The United States Citizenship and Immigration Service (“USCIS”) announced that it has adopted a May 5, 2020 Administrative Appeals Office (“AAO”) decision Matter of F-M- Co., which concerns immigrant petitions in the EB-1 preference category for multinational executives or managers as formal policy. This policy will guide all future determinations by the USCIS of immigrant petitions filed for individuals of this preference category.
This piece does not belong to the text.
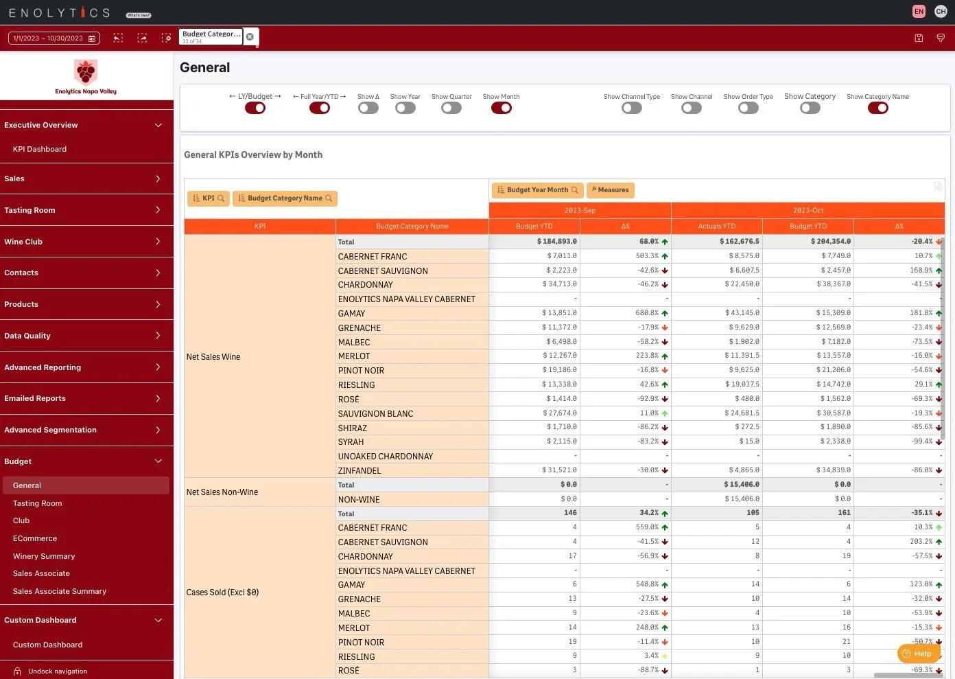 Budget is the one module that is populated separately from the winery's DTC provider. Enolytics provides the template for the winery to complete.

Specifically, the AAO decision confirms that a petitioner for an EB-1 multinational executive or manager must have a qualifying relationship with the beneficiary’s foreign employer at the time the petition is filed, and that the relationship must be maintained until the petition is adjudicated. A qualifying relationship between the foreign employer and the proposed U.S. employer may be established through a parent/subsidiary relationship, an affiliation via a shared corporate ownership structure, or through a foreign branch office relationship.
In a helpful and important nod towards the realities of business lifecycles and growth opportunities, the AAO also clarified that in the event the foreign employer undergoes corporate restructuring before the immigrant petition is filed, the qualifying relationship between the proposed U.S. employer and the foreign employer may still be established via a valid successor entity to the foreign employer. This is good news for businesses which may be more likely to undergo corporate restructuring due to the rapidly changing economic conditions wrought by the current pandemic. Generally, the USCIS will examine such factors as to what extent the successor entity retains the rights, duties and obligations of the prior entity when determining whether a valid successor relationship for the purposes of an EB-1 multinational executive or manager immigrant petition exists.